#### [SUPPLIED RECORDS]
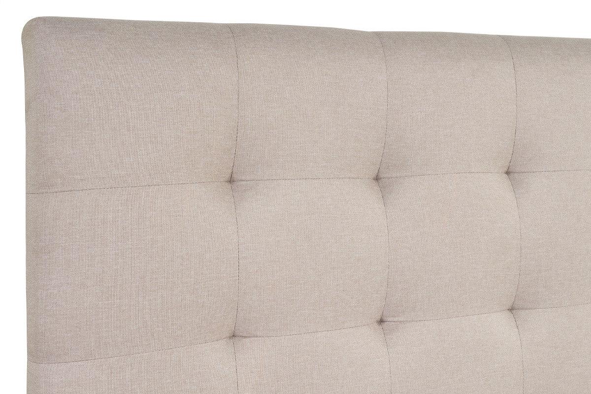Lit queen size en tissu beige, apprécié pour sa sobriété !
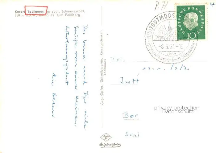 Todtmoos Fliegeraufnahme mit Feldberg Todtmoos postalisch gelaufen 1961 Erhaltung siehe scans [WerneD78] WernPID7
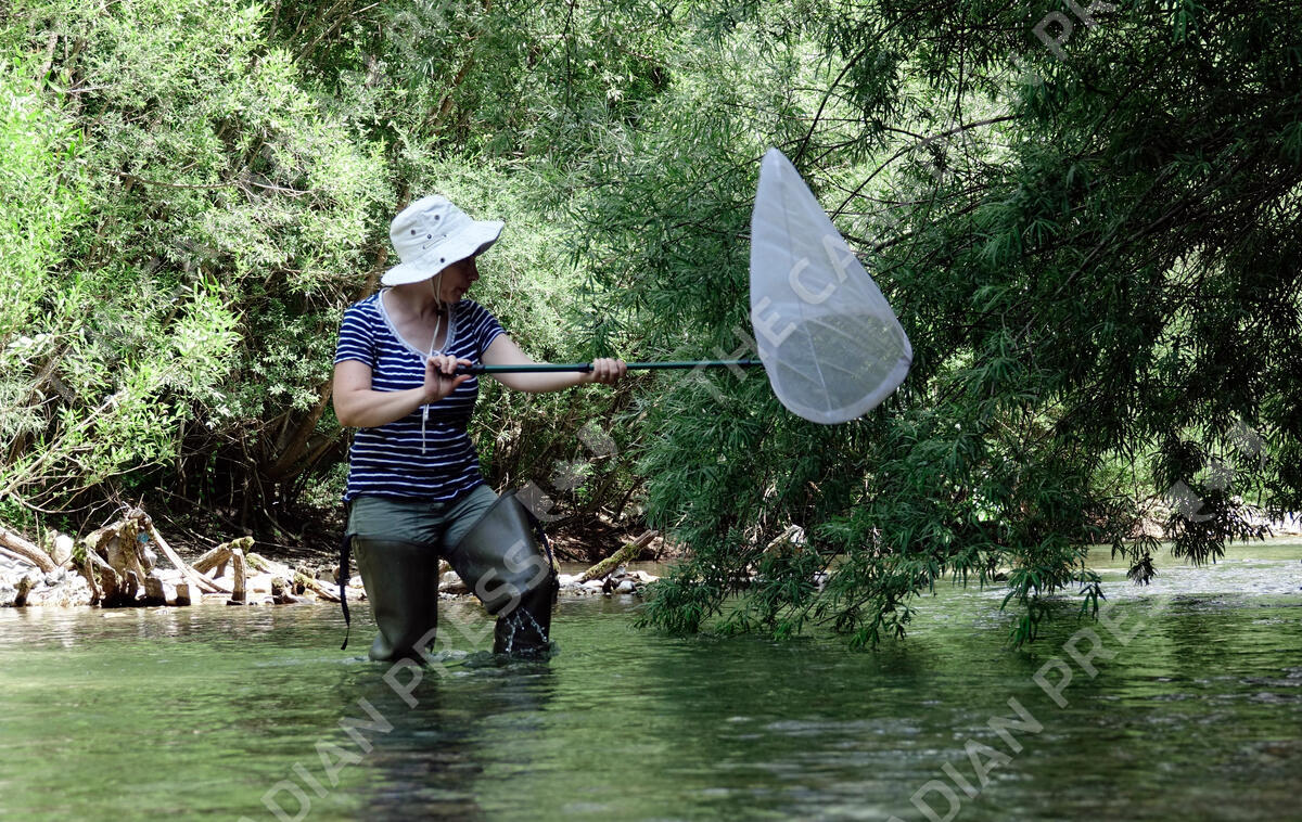 A scientist collects insects from water and surrounding vegetation on the Neretva river near the village Ulog, Bosnia, Thursday, June 30, 2022. It took a decade of court battles and street protests, but Balkan activists fighting to protect some of Europe's last wild rivers have scored an important conservation victory in Bosnia. A new electricity law, which passed Thursday, bans the further construction of small hydroelectric power plants in the larger of Bosnia's two independent entities. (AP Photo/Eldar Emric)
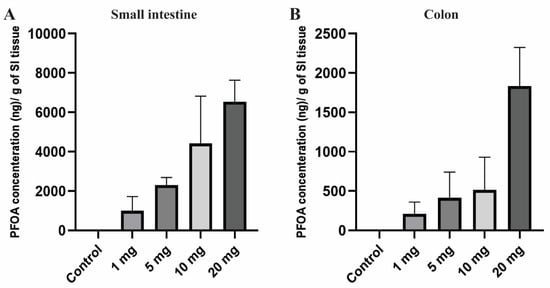 PFOA, the persistent perfluoroalkyl substance, has a high potential to accumulate in human and animal bodies and shows a large variation in concentration across the different tissues [65]. Extended half-life and high bio-accumulative characteristics increased its toxicity in living organisms [17]. After 10 days of PFOA exposure, small intestine and colon tissues of the female CD1 mice were noted to have a significant amount of PFOA accumulation compared to the control group in which no PFOA was detected. Accumulation of PFOA gradually increased in the tissue with an increase in dosing concentrations (Figure 1). The mean concentration of PFOA detected was 1002.62, 2298.06, 4427.71, and 6533.69 ng/g in the small intestine and 211.12, 412.73, 513.45, and 1834.27 ng in colon tissue for the treatment groups 1, 5, 10, and 20 mg/kg/day, respectively.
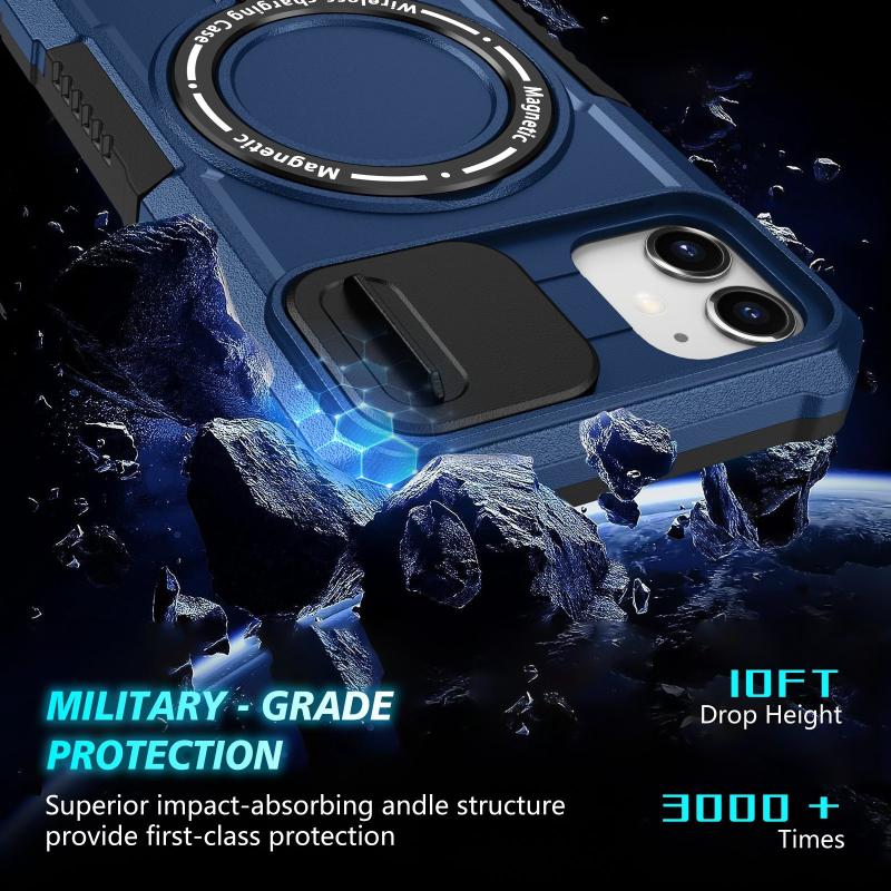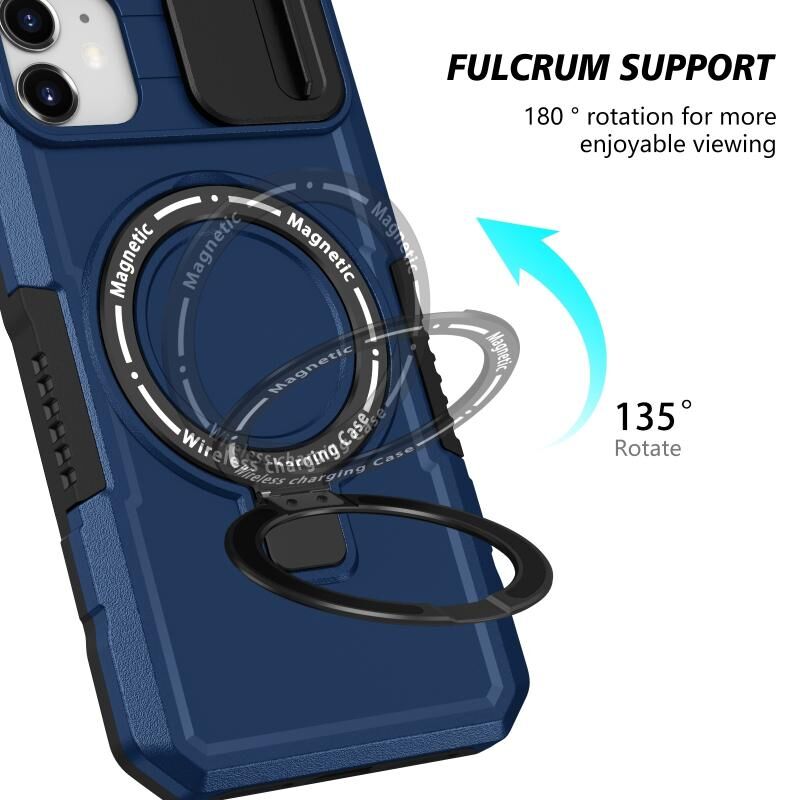 For iPhone 12 Sliding Camshield MagSafe Holder TPU Hybrid PC Phone Case(Royal Blue)
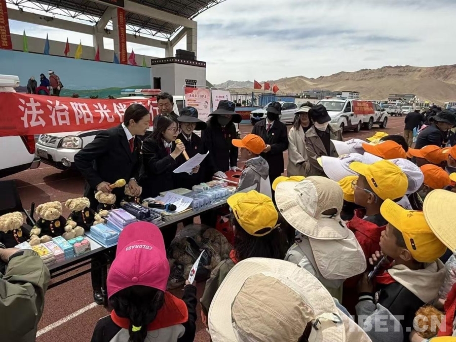 圖為今年5月底,維權(quán)工作站走進阿里地區(qū)陜西實驗學(xué)校開展普法宣傳活動現(xiàn)場 來源:阿里法院微信公眾號

#### [PROBLEM STATEMENT]
Only the lines from the start of the material through the line containing "Todtmoos Fliegeraufnahme mit" should be transcribed. Pictures stay out.

#### [THE COMPLETED TASK]
Lit queen size en tissu beige, apprécié pour sa sobriété !
 Todtmoos Fliegeraufnahme mit Feldberg Todtmoos postalisch gelaufen 1961 Erhaltung siehe scans [WerneD78] WernPID7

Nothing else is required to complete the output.